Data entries
+ + + +

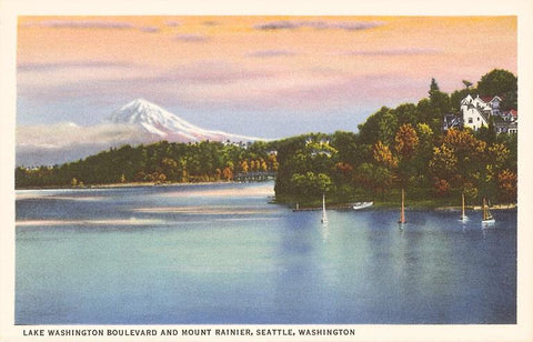 NW-31 Lake Washington Boulevard and Mt. Rainier, Washington - Vintage Image
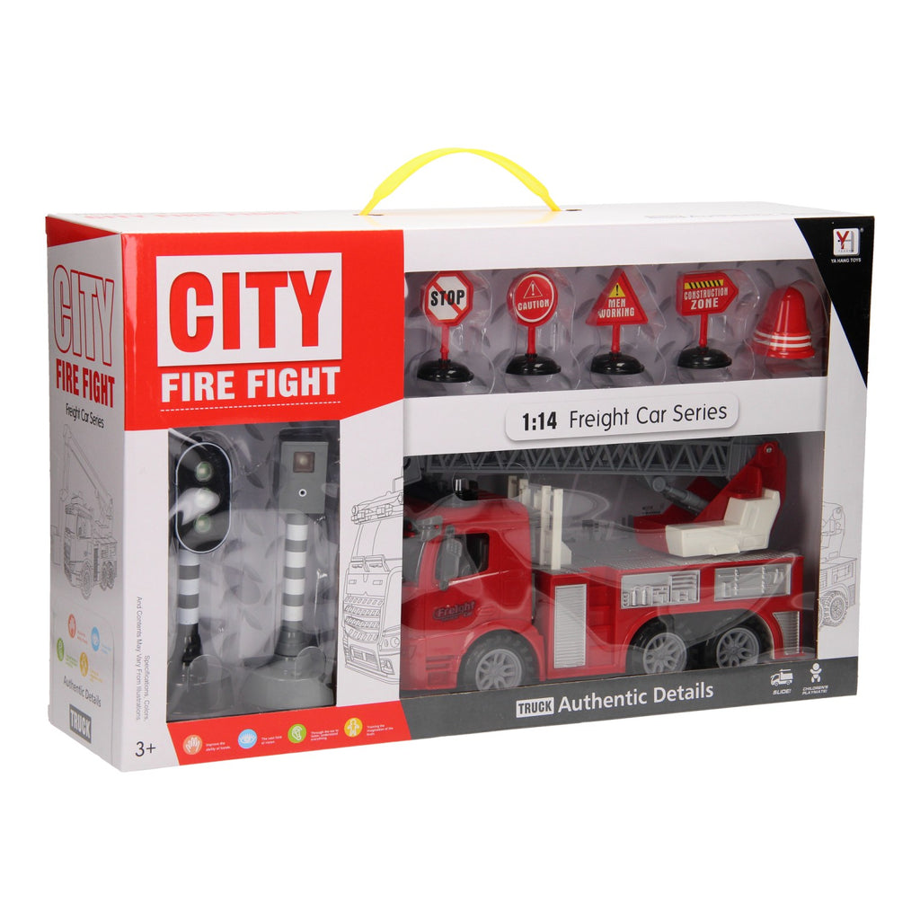 Met deze gave brandweer speelset kun jij je helemaal wanen in het leven van een echte brandweerman! Rijd rond met de brandweerwagen, plaats de verkeersborden om mensen veilig te houden. Je kunt ook het stoplicht en de flitspaal gebruiken om iedereen in het gareel te houden. De uitschuifbare ladder van de vrachtwagen zorgt ervoor dat je ook hoog in een gebouw kunt blussen en mensen kunt redden. De flitspaal, het stoplicht en de brandweerwagen hebben geluidseffecten voor een extra beleving!
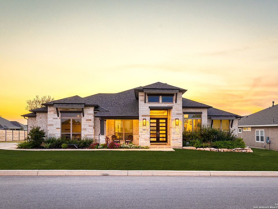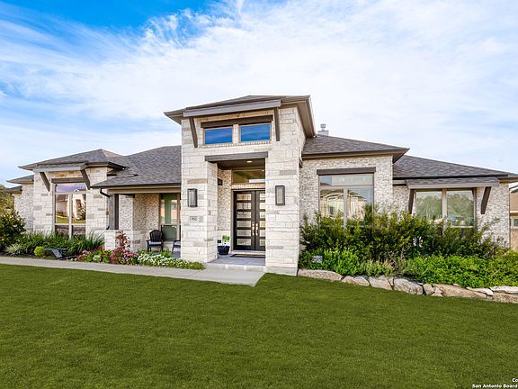 Welcome to 552 Falcon Cove, an upgraded and stylish Perry Home that is truly move-in ready. Situated on a desirable half-acre lot within the sought-after Medina ISD, this property offers the perfect blend of comfort, function, and design. This spacious residence features 4 bedrooms, 3.5 bathrooms, and an open layout designed for modern living. The living room centers around a cozy fireplace, while the chef's kitchen is highlighted by a large island, upgraded appliances, and designer finishes. The spa-inspired primary suite boasts a walk-in shower and luxurious details, creating a true retreat. Additional highlights include a 3-car garage with extra storage, an extended covered patio with upgraded outdoor living, and energy-efficient enhancements throughout the home. This property is still covered under the full Perry Homes warranty.
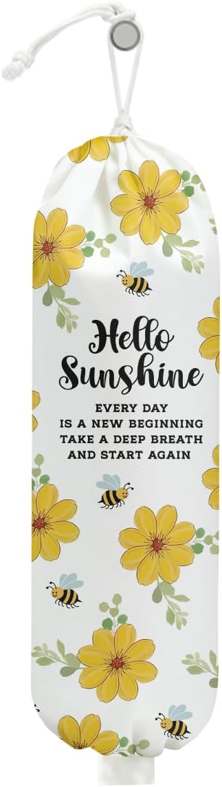 Rustic Floral Cute Bee Plastic Bag Holder for Kitchen Essentials, Wall Mount Grocery Bag Holder for Plastic Bags, Hello Sunshine Reusable Grocery Bags Storage Dispenser for Home Kitchen Farmhouse
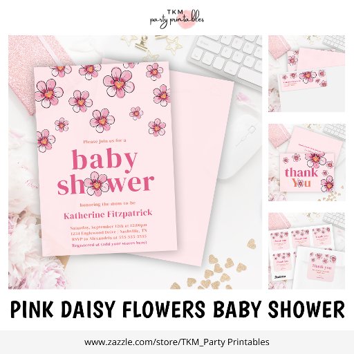 Pink Daisy Flowers Baby ShowerDesigned by TKM Party Printables
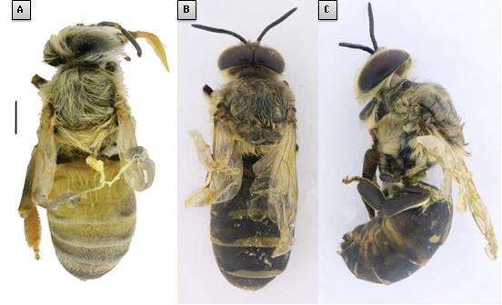 Una vez instalada la infección en la colmena el DWV puede provocar deformidad en las alas de abejas adultas que se infectaron durante su fase pupal, momento en que Varroa destructor introduce grandes cantidades de virus al alimentarse. Estas abejas suelen emerger con alas atrofiadas o arrugadas, abdomen acortado y color más oscuro, incapaces de volar ni participar en las tareas de la colonia (Imagen 1). En consecuencia, se reduce el número de obreras funcionales, pérdida de capacidad de termorregulación y debilitamiento general de la colmena (Lanzi et al., 2006; Martin et al., 2012).
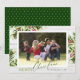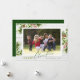 Esta tarjeta de Navidad campestre presenta una foto horizontal sobre un fondo de tablones de madera blanca acentuado con hermosas ramas de pino en acuarela y bayas rojas. El saludo "Feliz Navidad" aparece en verde brillante y verde oscuro. La parte posterior es de color verde oscuro con un patrón de puntos brillantes en verde. Personaliza esta tarjeta con el nombre de tu familia y año. Fotografía © Storytree Studios, Stanford, CA
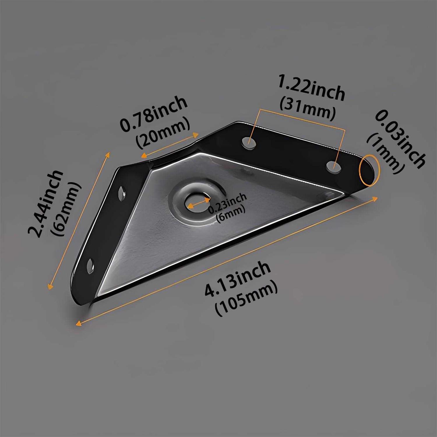 Material: Cold Rolled Steel. Size: Thickness: 1mm/0.03″, Length: 105mm/4.13″, Width: 62mm/2.44″, Hole Distance: 31mm/1.22″, Hole Diameter: 6mm/0.24″, Corner Width: 20mm/0.78″. Design: Specially designed with triangle shape, it is an important fastener to make furniture parts stay firm. Feature: The internal braces serve more as structural supports to strengthen corner joints against compressive failure. Application: Used for reinforcing inside of right angle corner joints
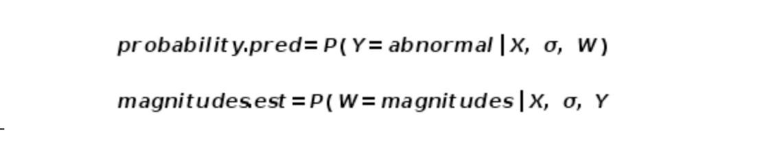 根据构建观测值X,涨幅W,与异常性Y的概率估计关系,以此计算阈值的边界,从而将指标特性加入模型的阈值估计中。

+ + + +

● **INSTRUCTIONS FOR THE TASK**: Please set down the lines from the one with "Esta tarjeta de" to the end of the entries above, exactly as they are, and drop every picture.

● **FINISHED TASK**:
 Esta tarjeta de Navidad campestre presenta una foto horizontal sobre un fondo de tablones de madera blanca acentuado con hermosas ramas de pino en acuarela y bayas rojas. El saludo "Feliz Navidad" aparece en verde brillante y verde oscuro. La parte posterior es de color verde oscuro con un patrón de puntos brillantes en verde. Personaliza esta tarjeta con el nombre de tu familia y año. Fotografía © Storytree Studios, Stanford, CA
 Material: Cold Rolled Steel. Size: Thickness: 1mm/0.03″, Length: 105mm/4.13″, Width: 62mm/2.44″, Hole Distance: 31mm/1.22″, Hole Diameter: 6mm/0.24″, Corner Width: 20mm/0.78″. Design: Specially designed with triangle shape, it is an important fastener to make furniture parts stay firm. Feature: The internal braces serve more as structural supports to strengthen corner joints against compressive failure. Application: Used for reinforcing inside of right angle corner joints
 根据构建观测值X,涨幅W,与异常性Y的概率估计关系,以此计算阈值的边界,从而将指标特性加入模型的阈值估计中。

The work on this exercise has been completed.